Your instructions:
A faithful transcription of all the data, images excluded, is the required answer.

========================================================================

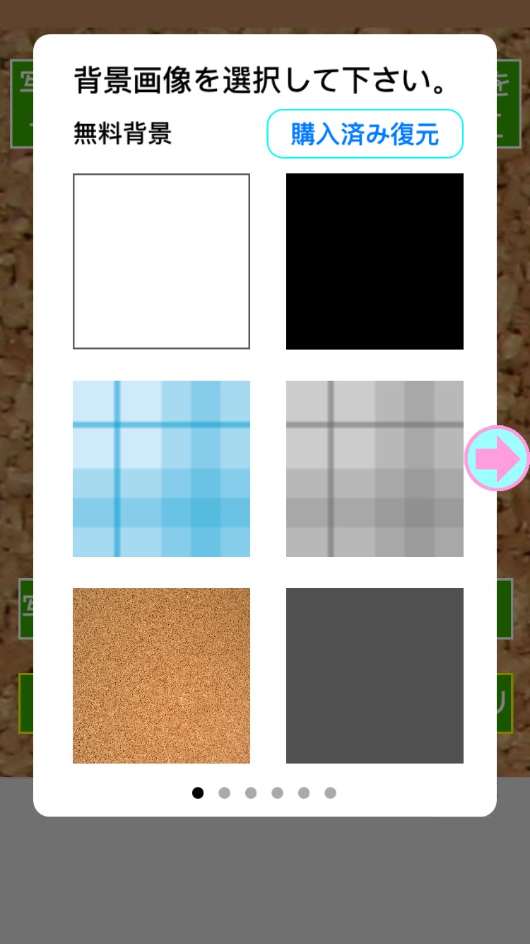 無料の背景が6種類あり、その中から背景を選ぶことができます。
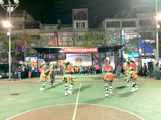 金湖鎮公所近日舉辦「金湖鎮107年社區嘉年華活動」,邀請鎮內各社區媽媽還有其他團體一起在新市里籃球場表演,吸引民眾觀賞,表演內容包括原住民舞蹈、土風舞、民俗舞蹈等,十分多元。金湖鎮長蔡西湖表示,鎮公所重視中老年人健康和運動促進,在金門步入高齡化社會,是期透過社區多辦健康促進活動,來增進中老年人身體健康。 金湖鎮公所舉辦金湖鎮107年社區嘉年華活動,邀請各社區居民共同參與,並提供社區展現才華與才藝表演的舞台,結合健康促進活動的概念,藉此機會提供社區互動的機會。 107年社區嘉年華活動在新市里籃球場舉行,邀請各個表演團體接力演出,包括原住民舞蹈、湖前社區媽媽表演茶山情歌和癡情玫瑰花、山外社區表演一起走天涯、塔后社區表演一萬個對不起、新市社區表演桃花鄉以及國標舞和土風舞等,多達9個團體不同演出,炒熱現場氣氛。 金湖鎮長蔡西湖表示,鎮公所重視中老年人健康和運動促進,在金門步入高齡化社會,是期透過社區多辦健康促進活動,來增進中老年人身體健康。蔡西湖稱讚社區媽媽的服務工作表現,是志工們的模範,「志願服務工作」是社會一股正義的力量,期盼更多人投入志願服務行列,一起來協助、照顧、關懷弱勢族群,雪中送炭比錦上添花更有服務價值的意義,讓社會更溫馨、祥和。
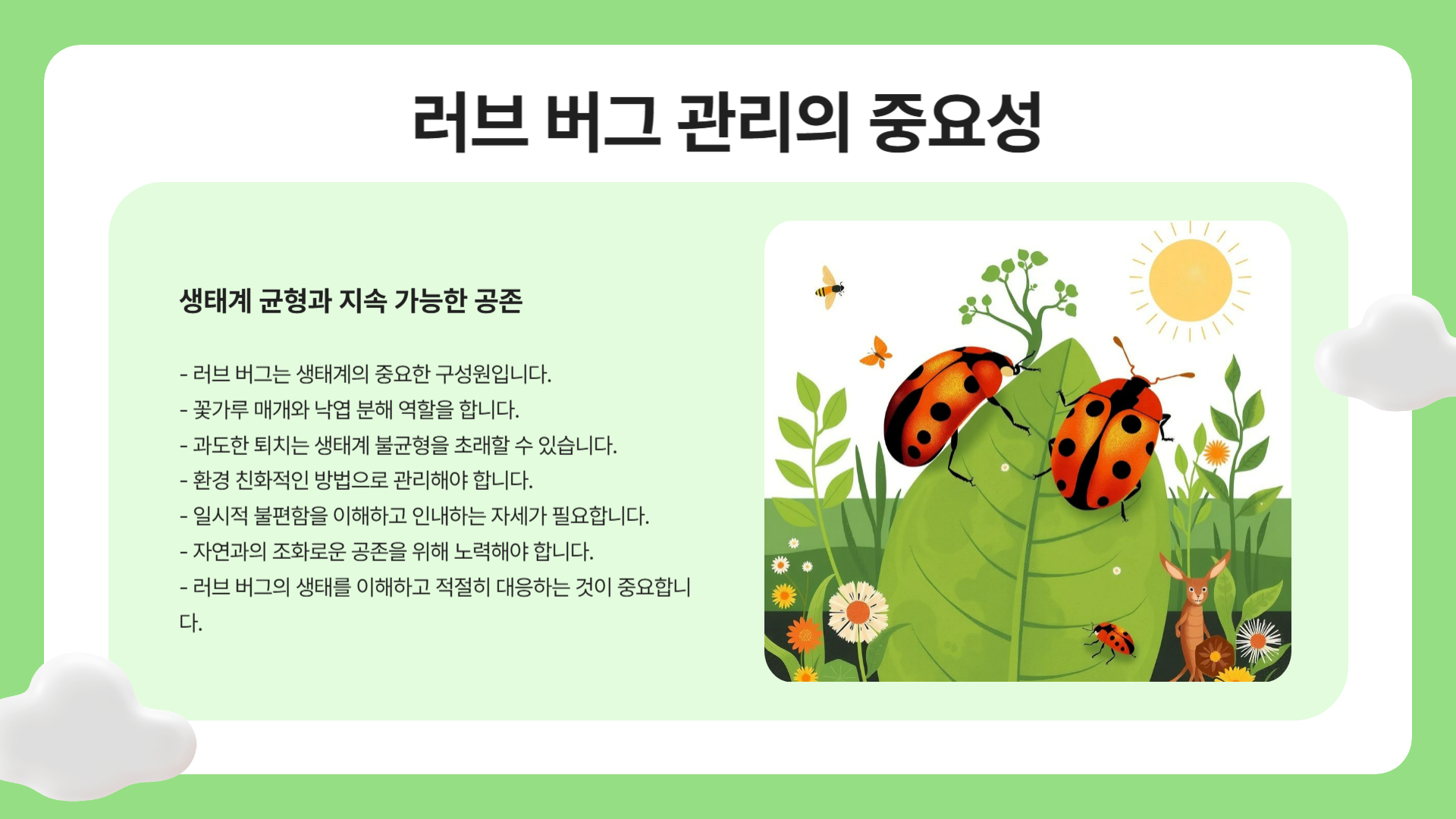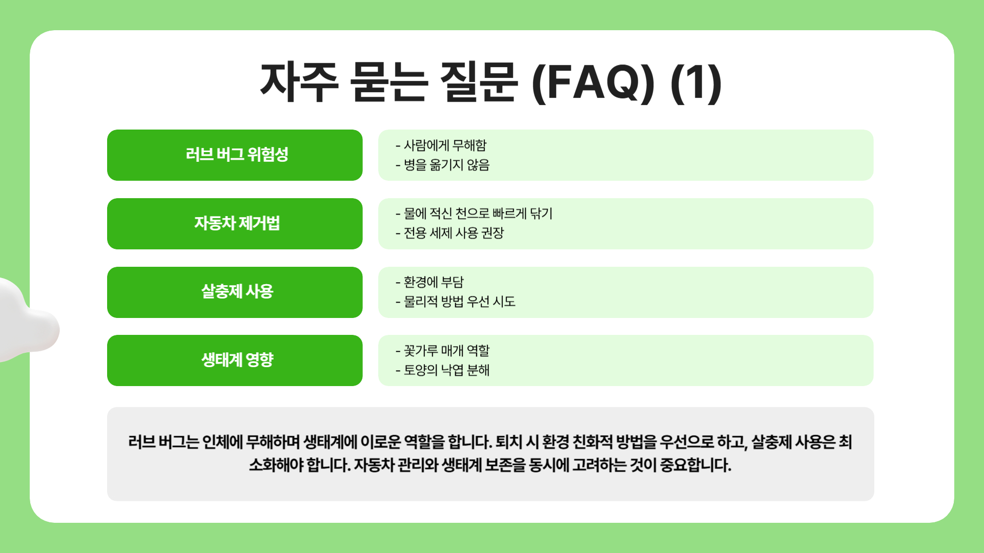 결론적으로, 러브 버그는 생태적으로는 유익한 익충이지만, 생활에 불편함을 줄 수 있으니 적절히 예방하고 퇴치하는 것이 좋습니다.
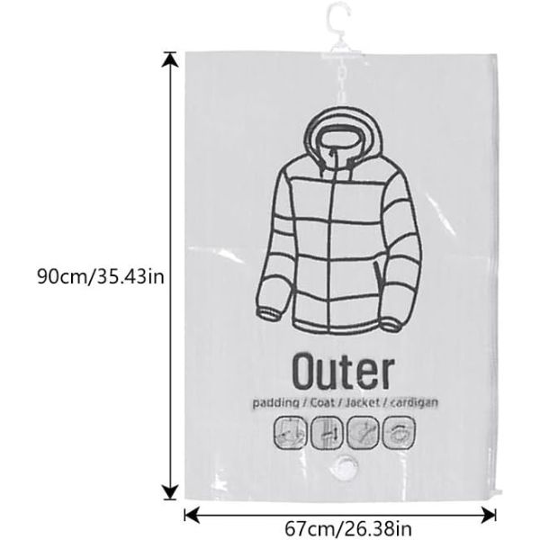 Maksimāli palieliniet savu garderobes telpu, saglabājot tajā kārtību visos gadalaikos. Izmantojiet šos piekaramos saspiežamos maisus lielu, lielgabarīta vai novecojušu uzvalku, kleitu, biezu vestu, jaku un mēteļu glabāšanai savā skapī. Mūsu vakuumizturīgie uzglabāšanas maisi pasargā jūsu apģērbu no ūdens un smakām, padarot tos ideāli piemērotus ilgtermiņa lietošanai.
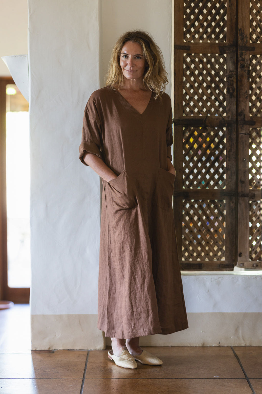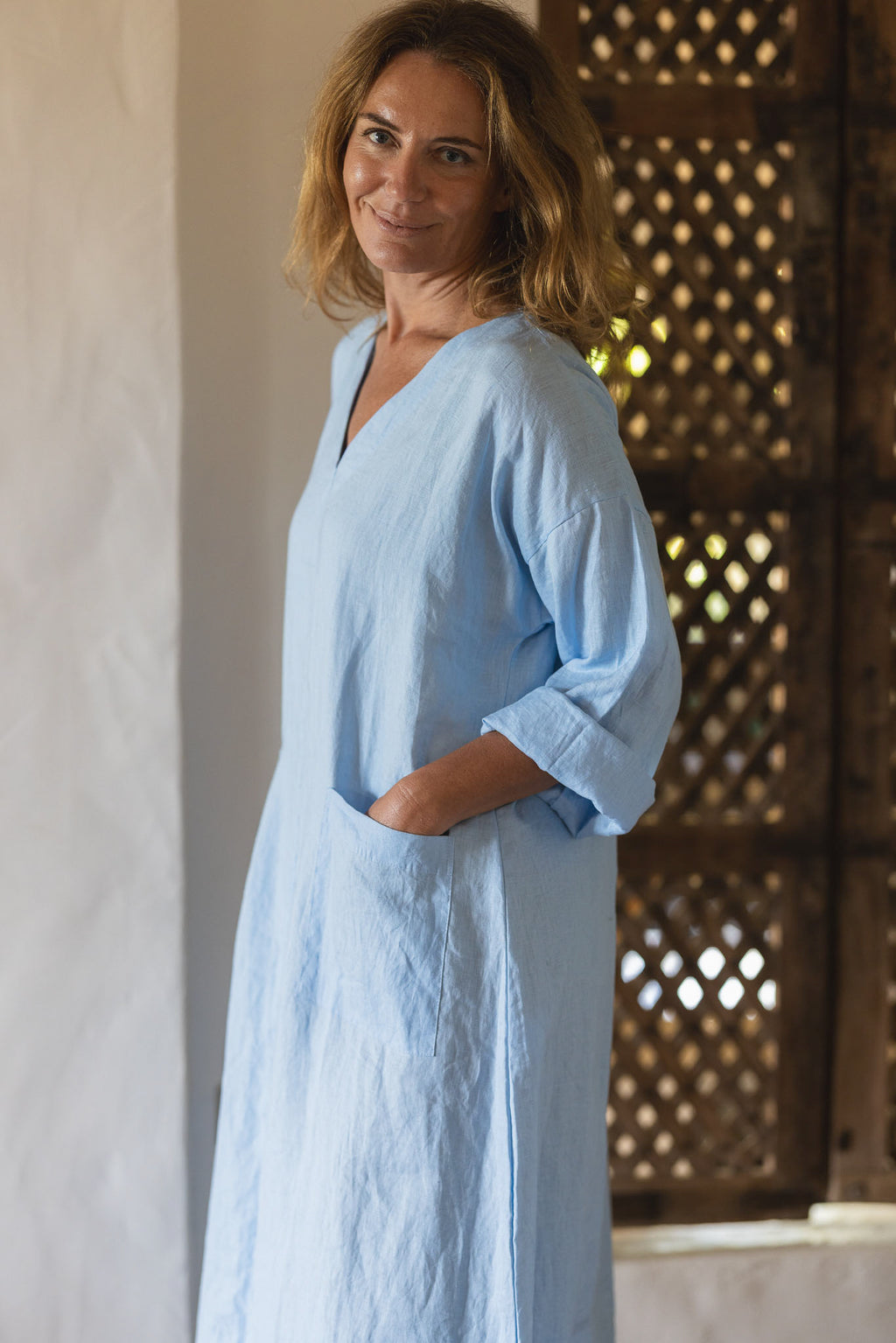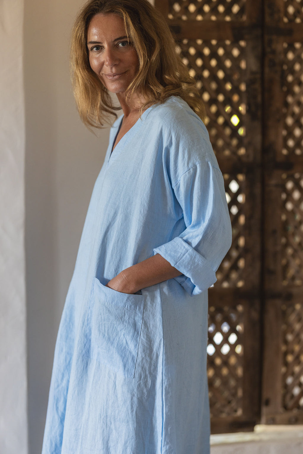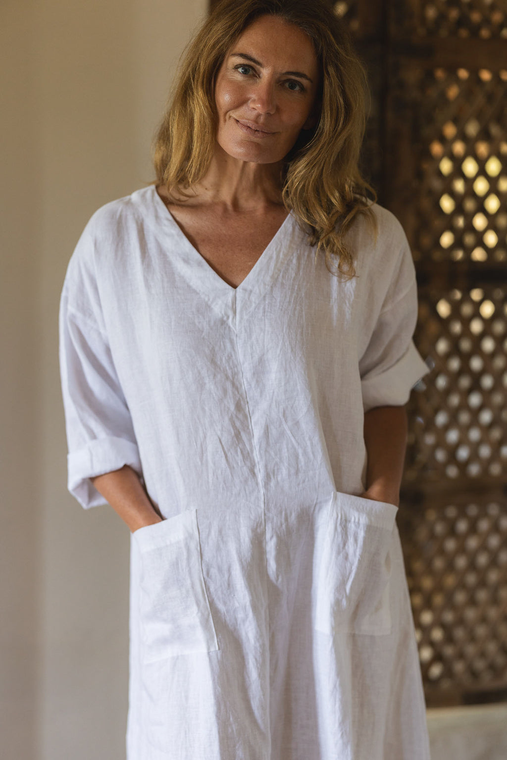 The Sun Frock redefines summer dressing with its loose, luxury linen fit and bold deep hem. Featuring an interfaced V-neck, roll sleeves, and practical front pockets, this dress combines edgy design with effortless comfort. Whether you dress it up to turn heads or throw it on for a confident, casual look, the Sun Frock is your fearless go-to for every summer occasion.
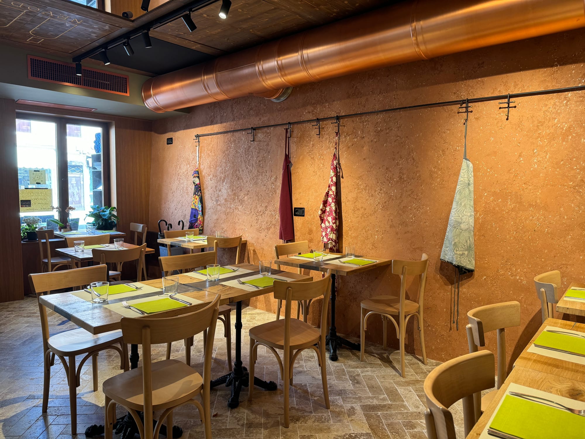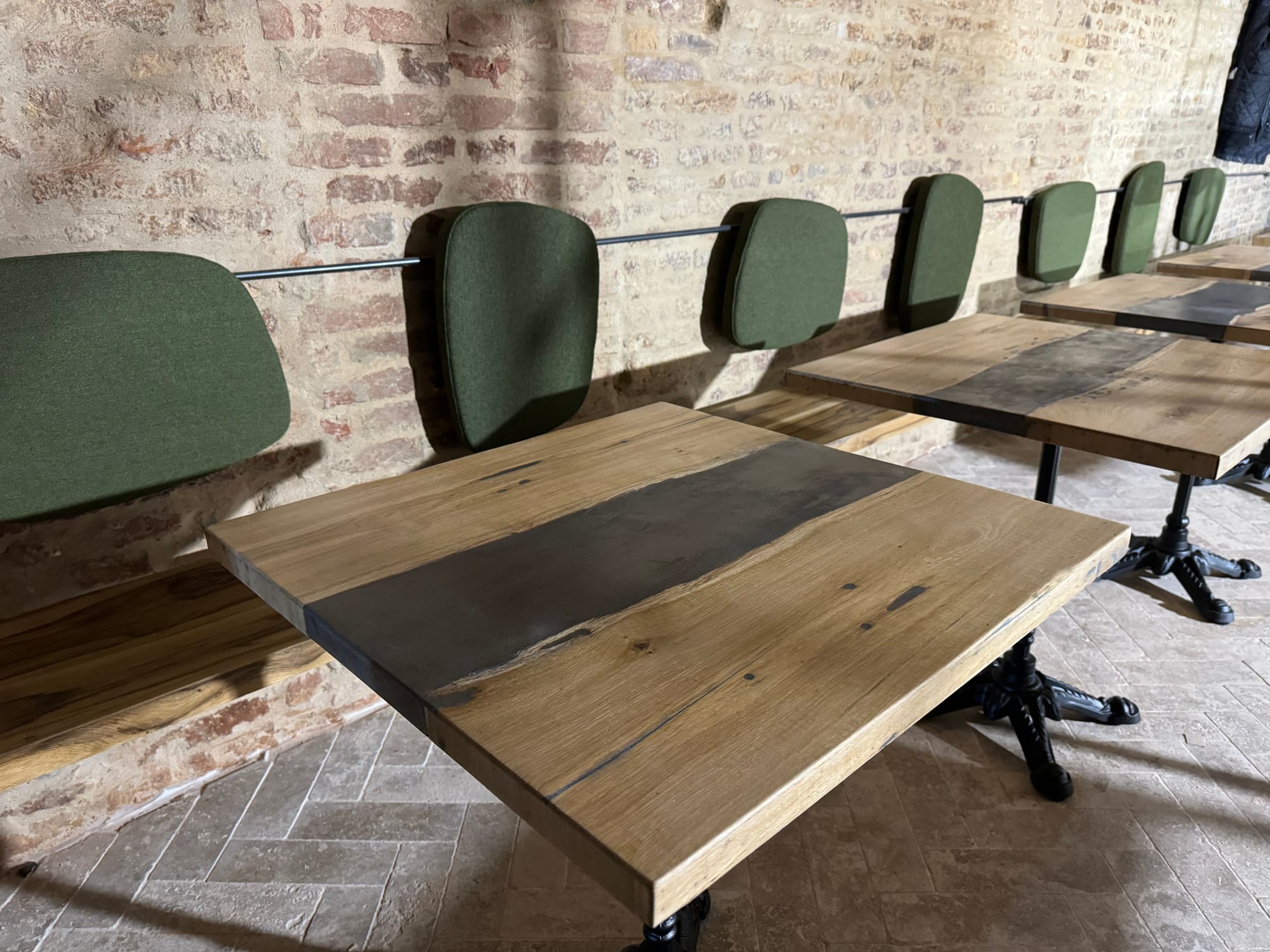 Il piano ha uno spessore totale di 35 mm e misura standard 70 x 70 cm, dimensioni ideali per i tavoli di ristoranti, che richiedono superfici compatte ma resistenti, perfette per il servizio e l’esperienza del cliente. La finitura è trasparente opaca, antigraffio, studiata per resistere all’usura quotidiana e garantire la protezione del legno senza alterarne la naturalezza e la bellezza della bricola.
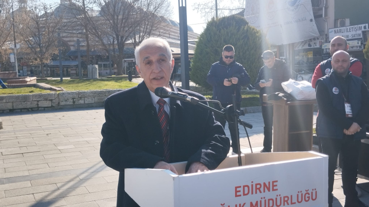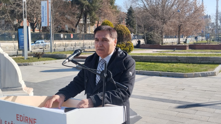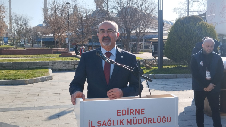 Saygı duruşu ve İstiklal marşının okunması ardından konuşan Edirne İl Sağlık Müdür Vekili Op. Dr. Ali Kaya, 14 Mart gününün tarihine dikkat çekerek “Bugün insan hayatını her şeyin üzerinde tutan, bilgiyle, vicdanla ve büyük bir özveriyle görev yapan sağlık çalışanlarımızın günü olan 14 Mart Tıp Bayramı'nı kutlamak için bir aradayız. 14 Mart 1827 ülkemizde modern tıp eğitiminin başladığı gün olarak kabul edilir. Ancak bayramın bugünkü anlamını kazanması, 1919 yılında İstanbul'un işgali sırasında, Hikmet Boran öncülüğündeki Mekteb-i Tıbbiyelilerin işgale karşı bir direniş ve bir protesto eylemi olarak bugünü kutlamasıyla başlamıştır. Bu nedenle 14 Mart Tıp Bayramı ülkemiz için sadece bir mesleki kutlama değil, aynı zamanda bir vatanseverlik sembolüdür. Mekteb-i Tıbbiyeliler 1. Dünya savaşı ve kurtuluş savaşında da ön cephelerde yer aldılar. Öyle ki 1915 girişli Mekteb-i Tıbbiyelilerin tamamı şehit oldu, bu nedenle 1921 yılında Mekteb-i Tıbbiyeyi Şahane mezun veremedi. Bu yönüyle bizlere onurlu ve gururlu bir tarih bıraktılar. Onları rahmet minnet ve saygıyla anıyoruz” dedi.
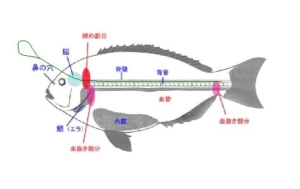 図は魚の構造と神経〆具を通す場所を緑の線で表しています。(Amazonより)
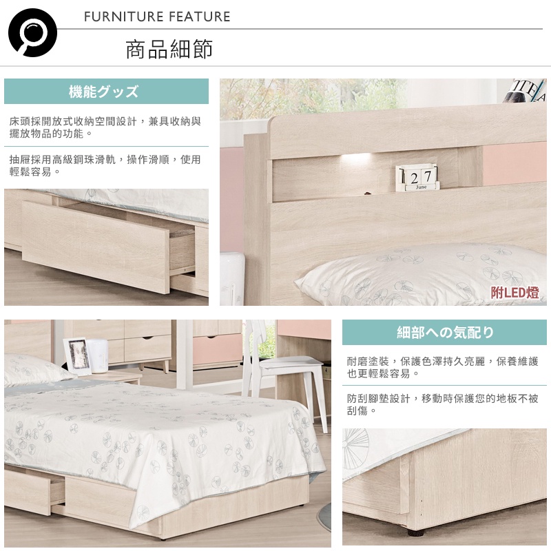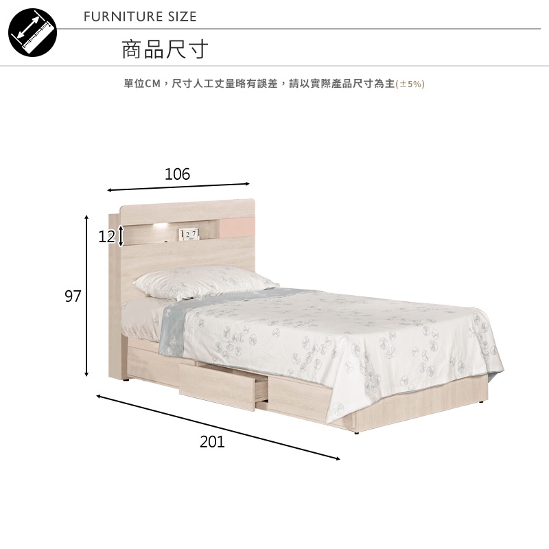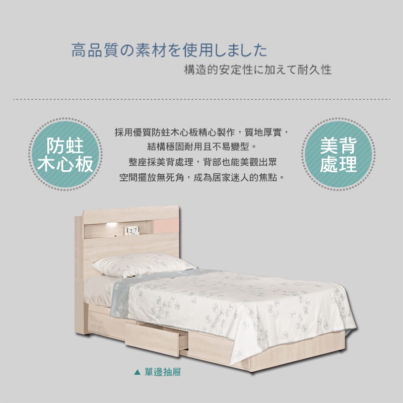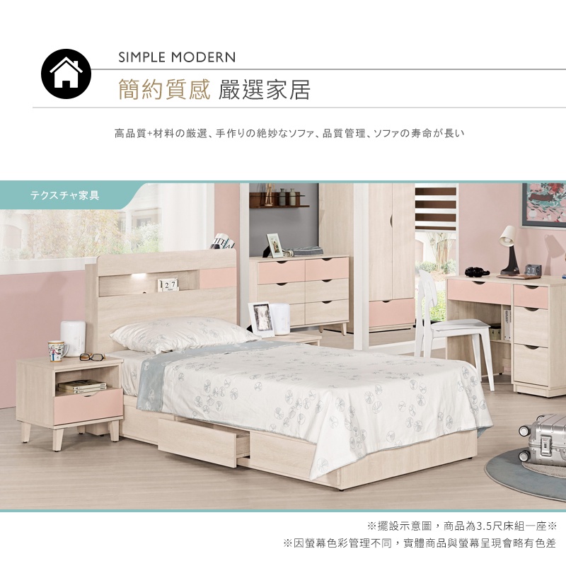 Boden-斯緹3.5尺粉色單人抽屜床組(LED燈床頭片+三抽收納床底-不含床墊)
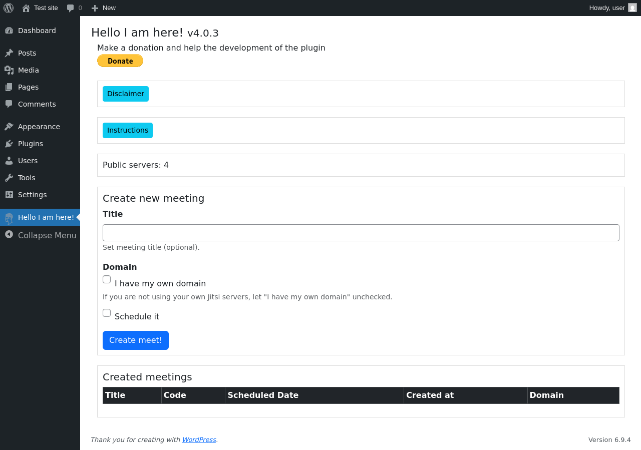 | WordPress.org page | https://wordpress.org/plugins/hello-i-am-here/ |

========================================================================

Your solution:
 無料の背景が6種類あり、その中から背景を選ぶことができます。
 金湖鎮公所近日舉辦「金湖鎮107年社區嘉年華活動」,邀請鎮內各社區媽媽還有其他團體一起在新市里籃球場表演,吸引民眾觀賞,表演內容包括原住民舞蹈、土風舞、民俗舞蹈等,十分多元。金湖鎮長蔡西湖表示,鎮公所重視中老年人健康和運動促進,在金門步入高齡化社會,是期透過社區多辦健康促進活動,來增進中老年人身體健康。 金湖鎮公所舉辦金湖鎮107年社區嘉年華活動,邀請各社區居民共同參與,並提供社區展現才華與才藝表演的舞台,結合健康促進活動的概念,藉此機會提供社區互動的機會。 107年社區嘉年華活動在新市里籃球場舉行,邀請各個表演團體接力演出,包括原住民舞蹈、湖前社區媽媽表演茶山情歌和癡情玫瑰花、山外社區表演一起走天涯、塔后社區表演一萬個對不起、新市社區表演桃花鄉以及國標舞和土風舞等,多達9個團體不同演出,炒熱現場氣氛。 金湖鎮長蔡西湖表示,鎮公所重視中老年人健康和運動促進,在金門步入高齡化社會,是期透過社區多辦健康促進活動,來增進中老年人身體健康。蔡西湖稱讚社區媽媽的服務工作表現,是志工們的模範,「志願服務工作」是社會一股正義的力量,期盼更多人投入志願服務行列,一起來協助、照顧、關懷弱勢族群,雪中送炭比錦上添花更有服務價值的意義,讓社會更溫馨、祥和。
 결론적으로, 러브 버그는 생태적으로는 유익한 익충이지만, 생활에 불편함을 줄 수 있으니 적절히 예방하고 퇴치하는 것이 좋습니다.
 Maksimāli palieliniet savu garderobes telpu, saglabājot tajā kārtību visos gadalaikos. Izmantojiet šos piekaramos saspiežamos maisus lielu, lielgabarīta vai novecojušu uzvalku, kleitu, biezu vestu, jaku un mēteļu glabāšanai savā skapī. Mūsu vakuumizturīgie uzglabāšanas maisi pasargā jūsu apģērbu no ūdens un smakām, padarot tos ideāli piemērotus ilgtermiņa lietošanai.
 The Sun Frock redefines summer dressing with its loose, luxury linen fit and bold deep hem. Featuring an interfaced V-neck, roll sleeves, and practical front pockets, this dress combines edgy design with effortless comfort. Whether you dress it up to turn heads or throw it on for a confident, casual look, the Sun Frock is your fearless go-to for every summer occasion.
 Il piano ha uno spessore totale di 35 mm e misura standard 70 x 70 cm, dimensioni ideali per i tavoli di ristoranti, che richiedono superfici compatte ma resistenti, perfette per il servizio e l’esperienza del cliente. La finitura è trasparente opaca, antigraffio, studiata per resistere all’usura quotidiana e garantire la protezione del legno senza alterarne la naturalezza e la bellezza della bricola.
 Saygı duruşu ve İstiklal marşının okunması ardından konuşan Edirne İl Sağlık Müdür Vekili Op. Dr. Ali Kaya, 14 Mart gününün tarihine dikkat çekerek “Bugün insan hayatını her şeyin üzerinde tutan, bilgiyle, vicdanla ve büyük bir özveriyle görev yapan sağlık çalışanlarımızın günü olan 14 Mart Tıp Bayramı'nı kutlamak için bir aradayız. 14 Mart 1827 ülkemizde modern tıp eğitiminin başladığı gün olarak kabul edilir. Ancak bayramın bugünkü anlamını kazanması, 1919 yılında İstanbul'un işgali sırasında, Hikmet Boran öncülüğündeki Mekteb-i Tıbbiyelilerin işgale karşı bir direniş ve bir protesto eylemi olarak bugünü kutlamasıyla başlamıştır. Bu nedenle 14 Mart Tıp Bayramı ülkemiz için sadece bir mesleki kutlama değil, aynı zamanda bir vatanseverlik sembolüdür. Mekteb-i Tıbbiyeliler 1. Dünya savaşı ve kurtuluş savaşında da ön cephelerde yer aldılar. Öyle ki 1915 girişli Mekteb-i Tıbbiyelilerin tamamı şehit oldu, bu nedenle 1921 yılında Mekteb-i Tıbbiyeyi Şahane mezun veremedi. Bu yönüyle bizlere onurlu ve gururlu bir tarih bıraktılar. Onları rahmet minnet ve saygıyla anıyoruz” dedi.
 図は魚の構造と神経〆具を通す場所を緑の線で表しています。(Amazonより)
 Boden-斯緹3.5尺粉色單人抽屜床組(LED燈床頭片+三抽收納床底-不含床墊)
 | WordPress.org page | https://wordpress.org/plugins/hello-i-am-here/ |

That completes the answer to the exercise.